Decoder包含4個resblock,AdaIN做norm層;後接兩個上採樣層,LN做norm層;最後接一個conv,tanh做激活層。輸出爲(N,3,256,256)
1.1.4 AdaptiveInstanceNorm2d公式如下:
在這裏插入圖片描述
函數定義如下:

class AdaptiveInstanceNorm2d(nn.Module):
    def __init__(self, num_features, eps=1e-5, momentum=0.1):
        super(AdaptiveInstanceNorm2d, self).__init__()
        self.num_features = num_features
        self.eps = eps
        self.momentum = momentum
        # weight and bias are dynamically assigned
        self.weight = None
        self.bias = None
        # just dummy buffers, not used
        self.register_buffer('running_mean', torch.zeros(num_features))
        self.register_buffer('running_var', torch.ones(num_features))

    def forward(self, x):
        assert self.weight is not None and self.bias is not None, "Please assign weight and bias before calling AdaIN!"
        b, c = x.size(0), x.size(1)
        running_mean = self.running_mean.repeat(b)
        running_var = self.running_var.repeat(b)

        # Apply instance norm
        x_reshaped = x.contiguous().view(1, b * c, *x.size()[2:])

        out = F.batch_norm(
            x_reshaped, running_mean, running_var, self.weight, self.bias,
            True, self.momentum, self.eps)

        return out.view(b, c, *x.size()[2:])

    def __repr__(self):
        return self.__class__.__name__ + '(' + str(self.num_features) + ')'

AdaIN的一種實現,另一種可見StarGAN v2。
Tensor.repeat():在指定維度上重複,是tensor數據的複製,示例如下:

>>> x = torch.tensor([1, 2, 3])
>>> x.repeat(4, 2)
tensor([[ 1,  2,  3,  1,  2,  3],
        [ 1,  2,  3,  1,  2,  3],
        [ 1,  2,  3,  1,  2,  3],
        [ 1,  2,  3,  1,  2,  3]])
>>> x.repeat(4, 2, 1).size()
torch.Size([4, 2, 3])

另一個類似的函數爲Tensor.expand():同樣在維度上覆制,但並不會分配新的內存。示例如下:

>>> x = torch.tensor([[1], [2], [3]])
>>> x.size()
torch.Size([3, 1])
>>> x.expand(3, 4)
tensor([[ 1,  1,  1,  1],
        [ 2,  2,  2,  2],
        [ 3,  3,  3,  3]])
>>> x.expand(-1, 4)   # -1 means not changing the size of that dimension
tensor([[ 1,  1,  1,  1],
        [ 2,  2,  2,  2],
        [ 3,  3,  3,  3]])

Tensor.contiguous()以鄰接內存的形式返回數據的拷貝(一般直接定義的tensor都是鄰接的,經過reshape、permute、transpose、expand等操作後,內存會不相鄰),因爲torch.view需要處理連續的Tensor [參考1] [參考2]
F.batch_norm(),BN歸一化的是Batch中所有樣本每個channel的數據;IN歸一化的是Batch中每個樣本每個channel的數據,因此用如下語句將B的維度移到C上,即可用BN來實現IN:

# Apply instance norm
x_reshaped = x.contiguous().view(1, b * c, *x.size()[2:])

BN、IN、LN、GN的區別可見下圖:
在這裏插入圖片描述

  • register_buffer(name,tensor)nn.Module的函數,用於添加persistent buffer(如BN中的running_mean,它持續存在着,但並非模型參數)
  • def __repr__(),顯示對象,即它定義着print輸出的內容,用於調試開發;與此類似的是def __str__()用於用戶端輸出
  • 可以看到AdaptiveInstanceNorm2d的參數weight與bias是未定義的,是AdaINGen.assign_adain_params()通過MLP將style code分解後,爲這兩個參數動態賦值,具體即一半的維度賦給weight,一半的維度賦給bias.
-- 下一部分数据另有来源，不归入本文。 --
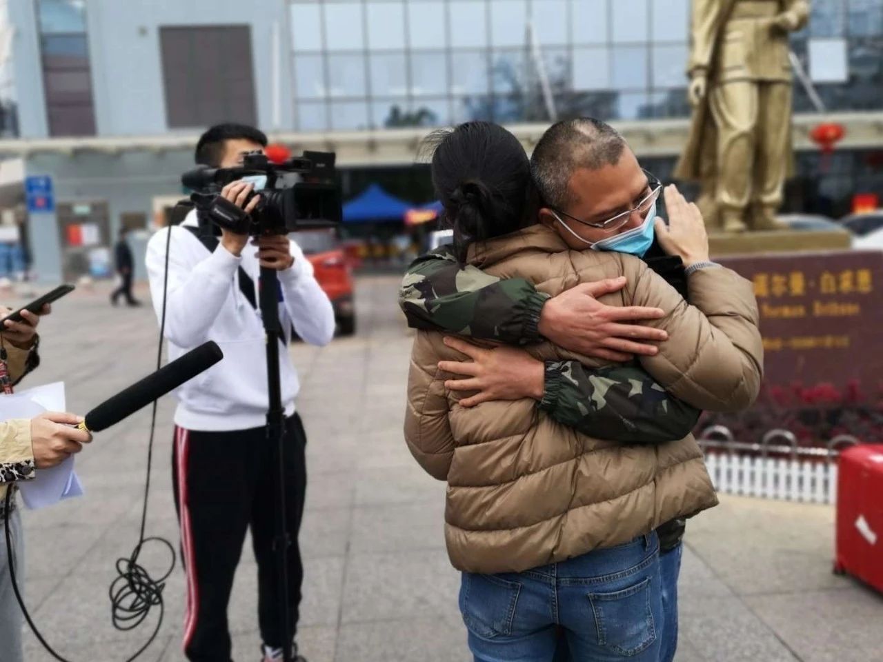 醫(yī)療隊(duì)員陳釗成醫(yī)生的妻子也是醫(yī)務(wù)工作者,對(duì)他的工作很是理解和支持。臨行前,他給妻子一個(gè)大大的擁抱,瞬間眼淚奪眶而出。
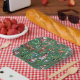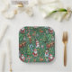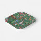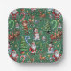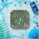 Christmas-themed pattern featuring Santa Claus, reindeer, snowmen, elves, Christmas trees, candy canes, and snowflakes on a green background
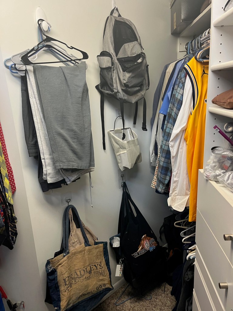 Back upstairs, let’s turn to the master bedroom. A blank wall in my walk-in closet becomes a repository for a resting place for laundry I’m too lazy to hang, frequently used shopping bags, my backpack, my CPAP case and frequently used power tools, and a basket to collect most anything I don’t know where else to put.
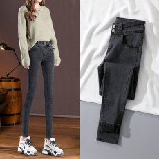 烟灰色小脚牛仔裤女新款显瘦2023秋冬季高腰弹力加绒紧身铅笔裤子
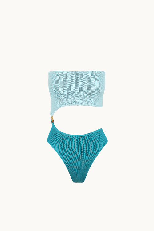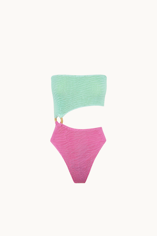The Swell Maillot is our mixed colour one piece for the La Journée collection. A strapless one piece with cut out midriff feature, and wooden side hoop. The brief has moderate coverage.
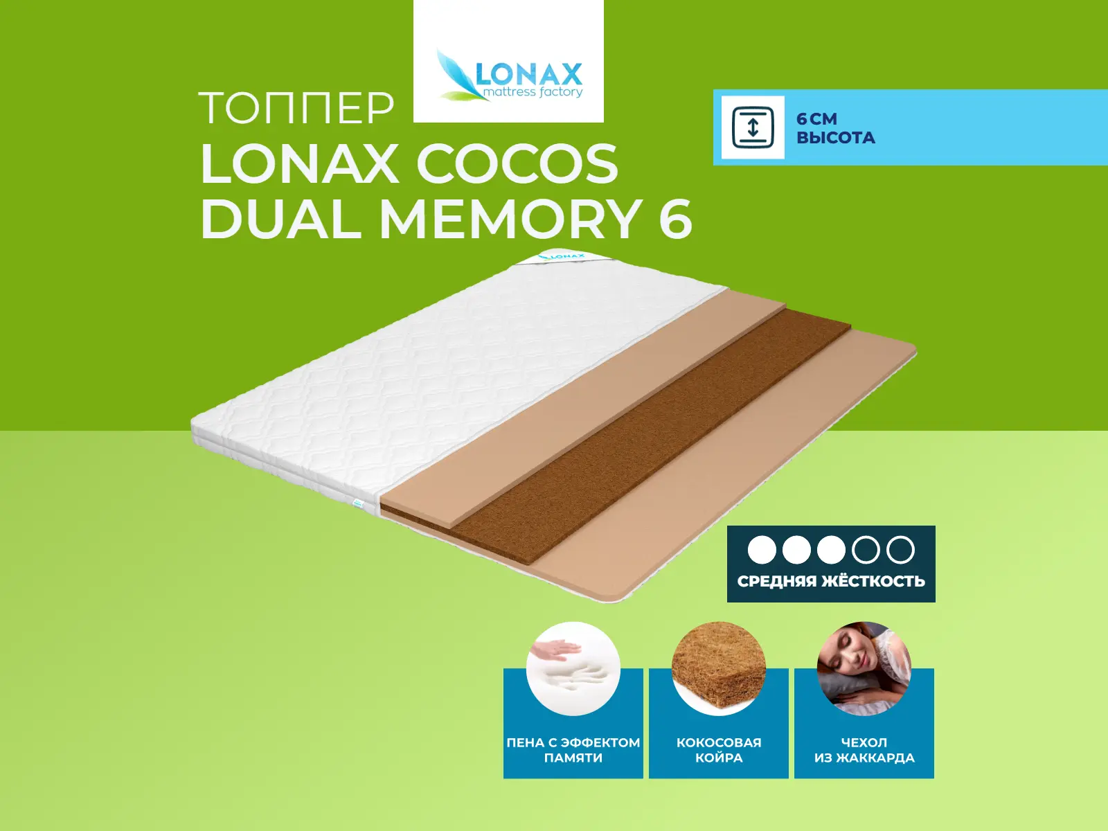 Топпер Lonax Cocos Dual Memory 6 65х205 смАртикул С-92962
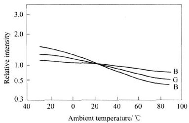 但從LED 的亮度特性圖3 可知,隨著環(huán)境溫度TC 的變化,L ED 的RGB 三基色的顯示亮度偏移狀況各不相同,B 的飄移較小,而R 的飄移較大,當溫度超過80 ℃時,R 相對亮度的變化幾乎是常溫時的2 倍。這種變化完全破壞了常溫時設置的白平衡,使整個顯示屏的色度發(fā)生嚴重漂移,圖像質量變差。RGB 三基色的相對亮度的偏移如圖4 示,可明顯看出,常溫時三基色的亮度狀態(tài)和在85 ℃及- 20 ℃時的相對亮度值,正是L ED 的溫度特性導致冬季和夏季顯示屏的圖像質量變差。

1.1.5 MLP定義如下,用於將style code 轉換成 weight , bias 參數:

class LinearBlock(nn.Module):
    def __init__(self, input_dim, output_dim, norm='none', activation='relu'):
        super(LinearBlock, self).__init__()
        use_bias = True
        # initialize fully connected layer
        if norm == 'sn':
            self.fc = SpectralNorm(nn.Linear(input_dim, output_dim, bias=use_bias))
        else:
            self.fc = nn.Linear(input_dim, output_dim, bias=use_bias)

        # initialize normalization
        norm_dim = output_dim
        if norm == 'bn':
            self.norm = nn.BatchNorm1d(norm_dim)
        elif norm == 'in':
            self.norm = nn.InstanceNorm1d(norm_dim)
        elif norm == 'ln':
            self.norm = LayerNorm(norm_dim)
        elif norm == 'none' or norm == 'sn':
            self.norm = None
        else:
            assert 0, "Unsupported normalization: {}".format(norm)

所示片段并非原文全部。